Seminars

IACMR Research Seminar Series #51

From strategic HRM to sustainable HRM? Exploring a common-good approach


Speaker: Fang Lee Cooke, Monash Business School
Host: Yucheng Zhang, University of Southampton
When: 9:00-10:15 am, September 18, 2024 (China Time, UTC+8) 
Language: Chinese
Where: Zoom


Register link: https://www.xcdsystem.com/iacmr/forms/index.cfm?ID=RbU9zzm

Abstract

The emergence of sustainability discourse has provided new avenues and momentum for human resource management (HRM) scholars to extend existing lines of enquiry and to generate new ones. This has led to a surge of research interest in sustainability in the last decade, not least as a response to the growing environmental concerns and, more recently, to the Sustainable Development Goals launched by the United Nations in 2015. Increasingly, businesses are expected to pursue several goals, economic, ecological and social, instead of profit alone. Firms have been urged to reimagine their purpose as the licence to operate.
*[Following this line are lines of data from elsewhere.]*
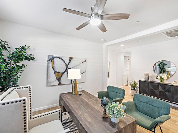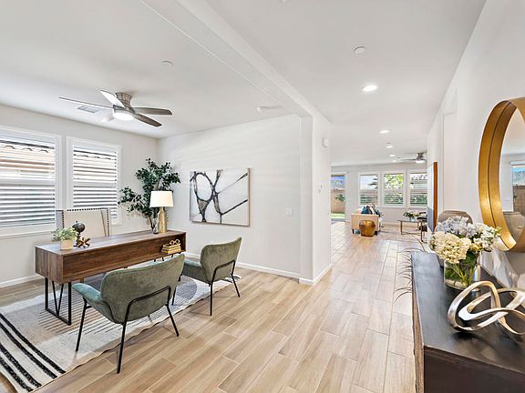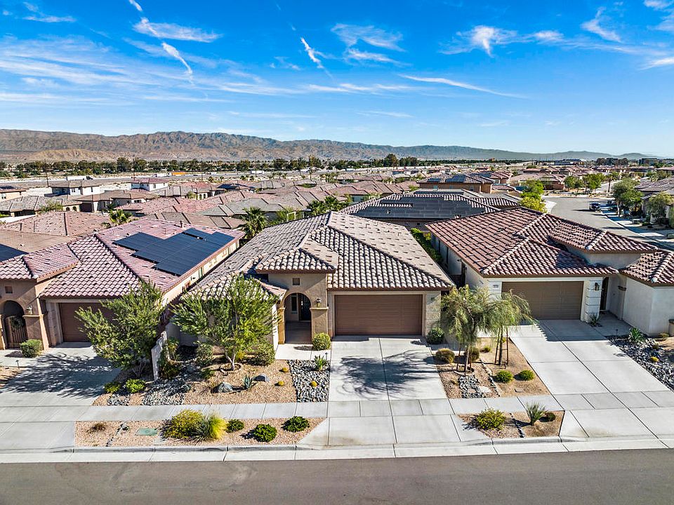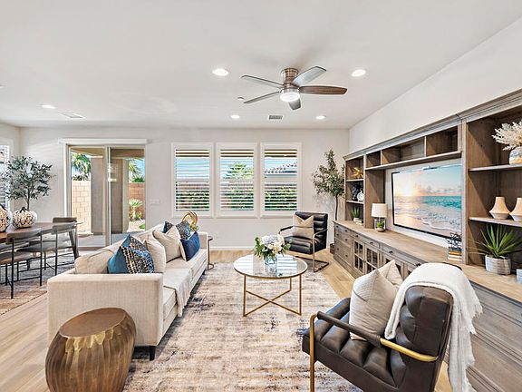 Stunning home debuting to the market and located in the wonderful gated community of Genesis in Palm Desert. This home is a newer construction, built in recent years, you will enjoy the flow of this beauty which is open, spacious, light, bright and in pristine condition. With three bedrooms, three bathrooms, den or formal dining room, has nice separation between bedrooms and is in move-in ready condition. The modern Core Plan 2 features include 9' ceilings, slab quartz countertops, wood-like porcelain tile flooring with upgraded carpet in the bedrooms, beautiful custom shutters throughout the home and Mountain Views from the bonus room. The modern kitchen has stainless steel appliances, island, pantry, lots of sophisticated cabinetry, and finishes, The master suite, has direct access to the covered backyard patio, bathroom is expansive with a large walled-glass shower, dual sinks and a nice size walk-in closet. The backyard is low maintenance with artificial turf and covered patio perfect to sit, read relax and enjoy your morning coffee. Kitchen refrigerator, stand alone wall shelving in great room, new washer and dryer will convey with property. Separate laundry room opens directly to a spacious two car garage which houses a tankless water heater. This walkable community has a low HOA of $166 per month, which includes resort style community pool, spa, gym, outdoor BBQ area, with sitting area and two dog parks. Perfect full-time resident, second home or investment property.
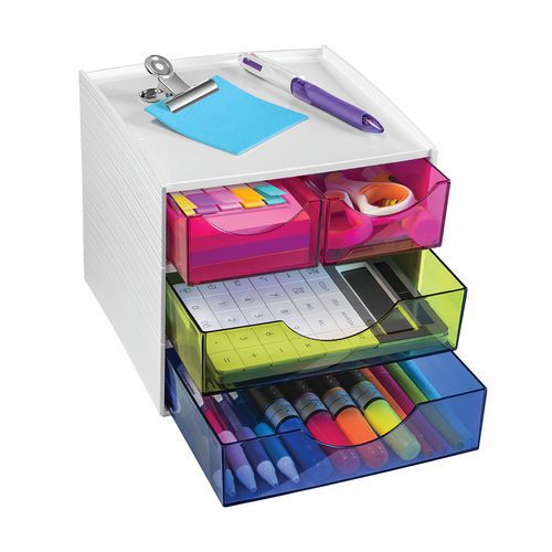 Moduły pamięci MyCube mini wykonane są z tworzywa sztucznego. Moduły te łatwo mieszczą się na biurku i pomagają gromadzić i przechowywać wszystkie drobne akcesoria i artykuły biurowe. Ergonomiczne uchwyty zapewniają łatwe otwieranie szuflad. Gniazda wyposażone są w ograniczniki zabezpieczające przed wypadaniem, ale w razie potrzeby można je łatwo wyjąć z modułu.
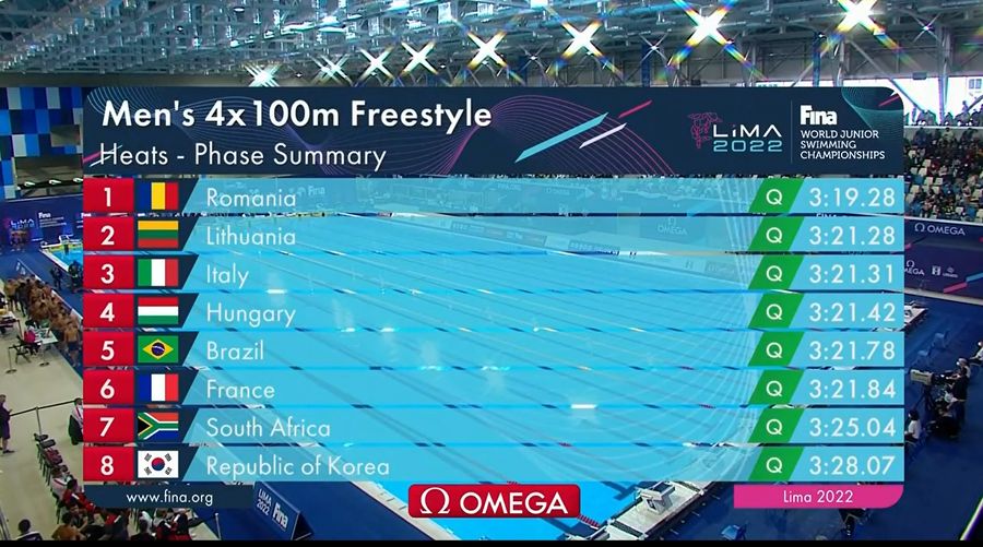 Echipa României, formată din Alexandru Constantinescu, David Popovici, Ștefan Cozma și Patrick Dinu, și-a devansat adversarii cu fix două secunde, calificându-se cu cel mai bun timp în finală.
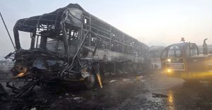 मथुरा। उत्तर प्रदेश के मथुरा में दिल्ली-आगरा एक्सप्रेसवे पर दर्दनाक सड़क हादसा हो गया है। मंगलवार तड़के चार बजे एक्सप्रेस वे पर एक के बाद एक सात बसों की आपस में टक्कर हो गई। हादसे के बाद बसों में आग लग गई और चार लोगों की मौत हो गई, जबकि 25 लोग घायल हैं। इस घटना के बाद पूरे लोगों में चीख पुकार मच गई। पुलिस की टीम मौके पर पहुंचकर राहत कार्य कर रही है।

This seminar explores the driving forces for a sustainable HRM agenda, varieties of sustainable HRM in existing literature and core arguments. It also identifies research opportunities as well as challenges in advancing the field of sustainable HRM research, in particular, in promoting common good HRM as one strand of sustainable HRM. The seminar offers several suggestions for research. 

Speaker’s bio

Fang Lee Cooke (PhD, University of Manchester, UK) is Distinguished Professor of Human Resource Management (HRM) and Asia Studies at Monash Business School, Monash University, Australia. She is also a Fellow of the Academy of the Social Sciences in Australia. Previously, she was a full professor (since 2005) at Manchester Business School, University of Manchester, UK. Her research interests are in the areas of strategic HRM, knowledge management and innovation, outsourcing, international HRM, diversity and inclusion management, employment relations, migrant studies, HRM in the healthcare sector, digitalization and implications for employment and HRM; climate change, energy transition and the future of work; Sustainable Development Goals and the role of multinational firms.